If and when the government does step in with assistance for individuals and businesses, there will be a long-tailed recovery. Growth assumptions going forward will be tempered by raw material and other supply chain disruptions. We are less likely to be able to spend or consume our way out of the recession as savings will be materially depleted. Governments and central bankers the world over will be working to get money moving through the economy again and thinking of ways to get people on their feet. That will all take significant time, and we will once again find ourselves borrowing against the future to fund the recovery.
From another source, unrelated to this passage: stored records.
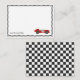 Esta tarjeta de nota personalizada presenta una vieja tarjeta de carrera roja.
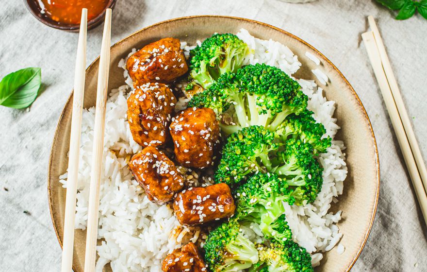 Kurczak na słodko z ryżem i brokułami
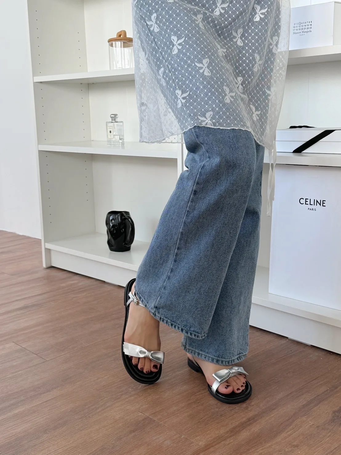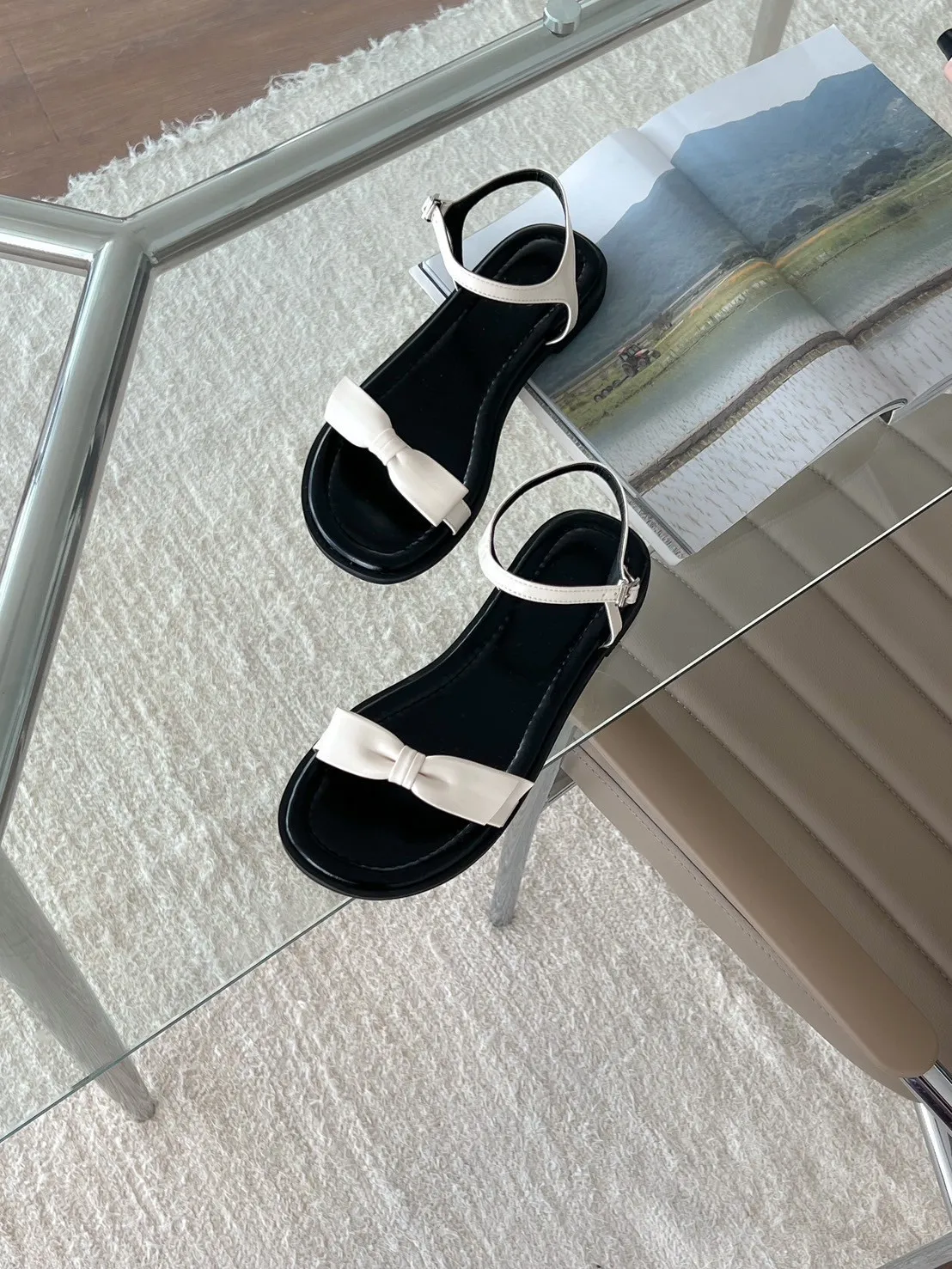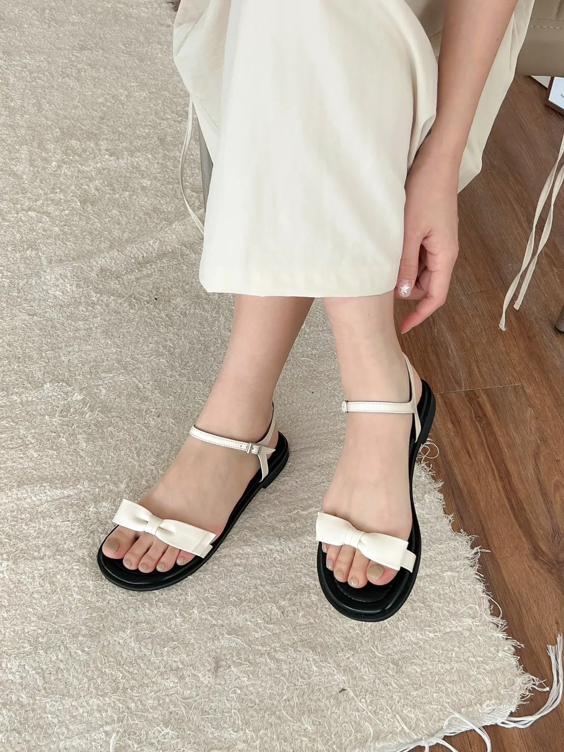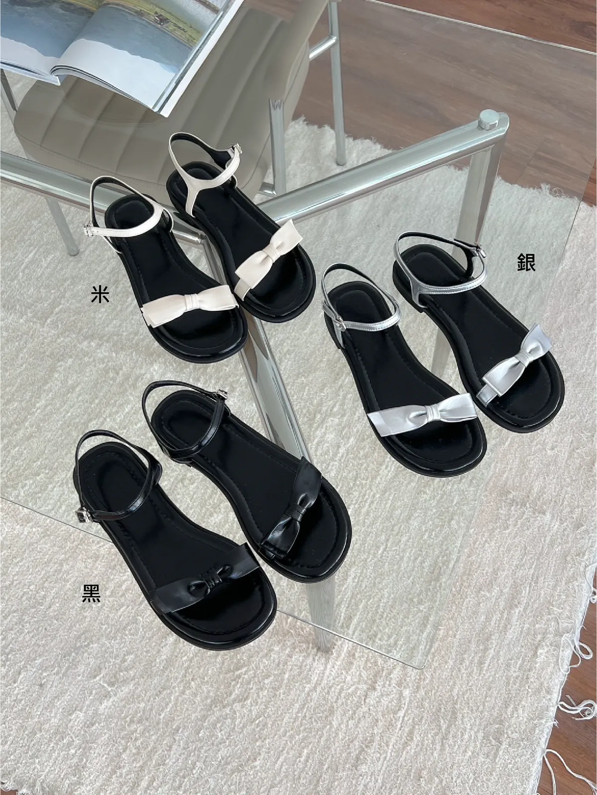 CM194側釦光澤感蝴蝶結涼鞋 米 銀 黑 225-250(有半號) $899
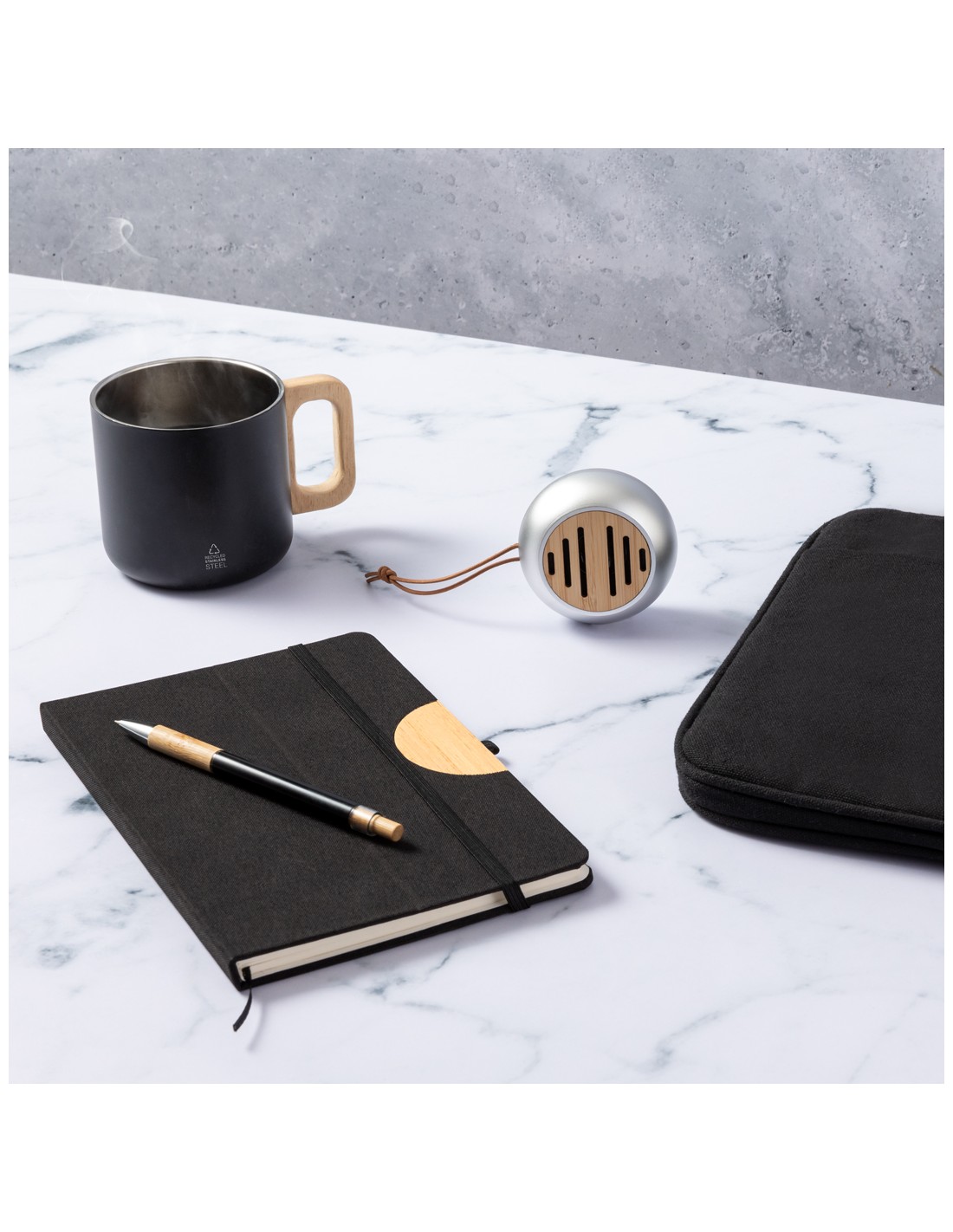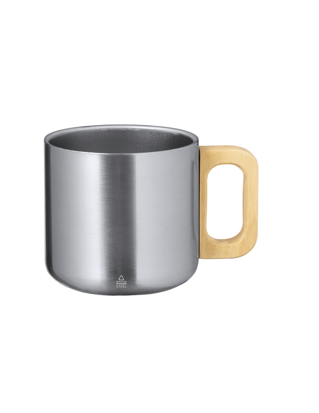 Original taza de doble pared y 400 ml de capacidad. Fabricada en Acero Inox Reciclado, con asa para un cómodo agarre en madera. Con logotipo Acero Inox Reciclado y disponible en varios colores. Presentada en caja individual de diseño kraft y con protector de papel.El acero es uno de los materiales más demandados y que puede encontrarse casi en todas partes, desde productos de uso diario a grandes construcciones. Con innumerables propiedades, entre las que cabe destacar la durabilidad y su alto grado de reutilización, convirtiéndolo en una alternativa muy valorada en soluciones de sostenibilidad. Debidamente tratado, permite obtener nuevos recursos de infinita utilización.
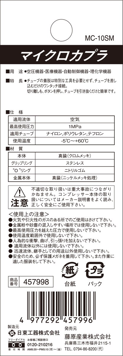【SK11 マイクロカプラ PT1/8メネジ取り付け用 MC-10SM 457998の商品詳細】

What the Commercial Real Estate Sector Can do Now to Prepare

Now that you probably have some time on your hands, let’s explore some steps to head off the calls for help from your tenants that will invariably come in the next few weeks. Some tenants will seek rent relief during this time. Landlords should be prepared for this scenario on a portfolio level. They should implement a process to evaluate each tenant seeking relief, be it a retail, office, or industrial tenant. Landlords should establish thresholds based on debt service and fixed cost coverage to ensure they have sufficient cash flow at an asset level keep the lights on. Create financial and business model tests for each business to determine whether or not to grant relief to these tenants that are lenient enough to allow all but the weakest to remain in their leases. Keeping businesses in place will help position all of us for the best possible outcome, whatever that may be. Now is a time to be generous with one another and to show solidarity with your tenants. Be prepared with answers to their questions and offer them a roadmap. It is important that we get through this, and is possible only if we all work together.